* DATA
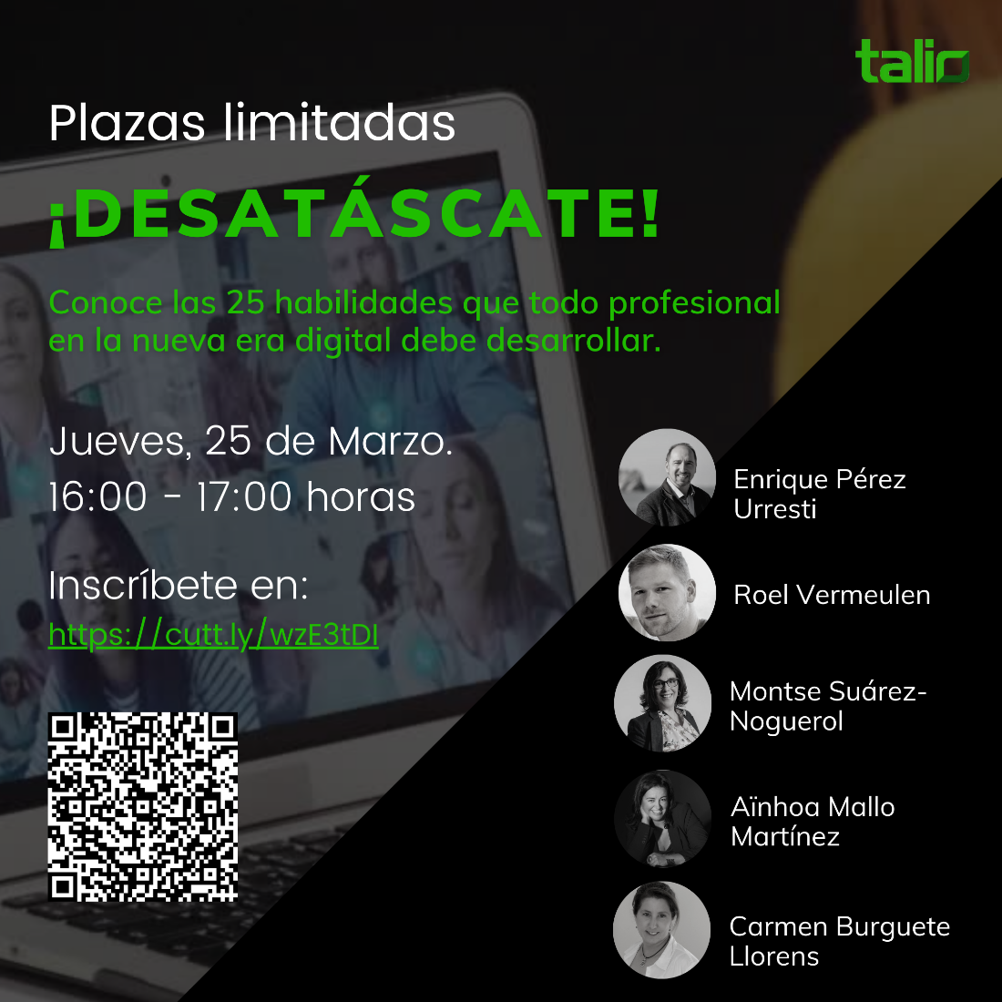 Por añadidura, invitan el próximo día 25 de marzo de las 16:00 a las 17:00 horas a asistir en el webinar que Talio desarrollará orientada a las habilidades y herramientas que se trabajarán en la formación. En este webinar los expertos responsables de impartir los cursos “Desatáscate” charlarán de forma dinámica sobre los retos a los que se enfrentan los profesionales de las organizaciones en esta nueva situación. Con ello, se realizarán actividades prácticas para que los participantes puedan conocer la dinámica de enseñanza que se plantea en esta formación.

* * *

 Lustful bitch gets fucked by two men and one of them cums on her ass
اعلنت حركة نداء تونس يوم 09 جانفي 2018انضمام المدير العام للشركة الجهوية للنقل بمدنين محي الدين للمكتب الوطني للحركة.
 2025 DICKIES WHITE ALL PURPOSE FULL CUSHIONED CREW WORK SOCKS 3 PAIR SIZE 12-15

* * *

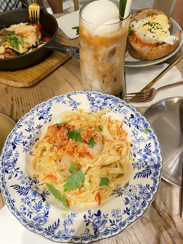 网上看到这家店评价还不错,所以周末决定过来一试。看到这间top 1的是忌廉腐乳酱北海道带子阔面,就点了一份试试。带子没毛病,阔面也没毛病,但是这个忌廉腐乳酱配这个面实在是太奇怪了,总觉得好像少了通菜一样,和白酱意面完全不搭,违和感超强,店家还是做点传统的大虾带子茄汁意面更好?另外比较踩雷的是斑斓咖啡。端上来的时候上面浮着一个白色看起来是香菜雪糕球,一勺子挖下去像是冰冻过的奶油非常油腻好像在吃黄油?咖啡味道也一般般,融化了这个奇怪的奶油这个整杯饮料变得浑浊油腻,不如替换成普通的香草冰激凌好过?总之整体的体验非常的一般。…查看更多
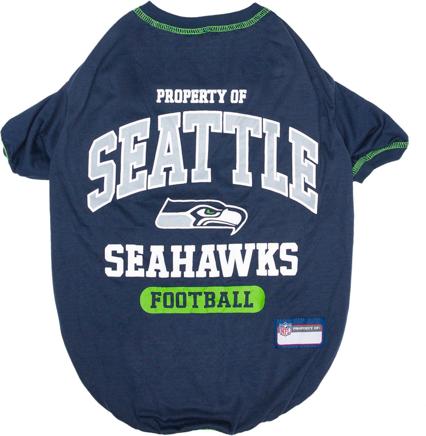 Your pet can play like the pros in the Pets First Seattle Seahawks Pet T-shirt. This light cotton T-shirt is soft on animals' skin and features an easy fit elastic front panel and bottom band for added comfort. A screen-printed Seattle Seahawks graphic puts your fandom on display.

* PROBLEM DETAILS
From the records above, transcribe without alteration every line from the one with "Lustful bitch gets" to the one with "2025 DICKIES WHITE", inclusive.

* EXERCISE ANSWER
 Lustful bitch gets fucked by two men and one of them cums on her ass
اعلنت حركة نداء تونس يوم 09 جانفي 2018انضمام المدير العام للشركة الجهوية للنقل بمدنين محي الدين للمكتب الوطني للحركة.
 2025 DICKIES WHITE ALL PURPOSE FULL CUSHIONED CREW WORK SOCKS 3 PAIR SIZE 12-15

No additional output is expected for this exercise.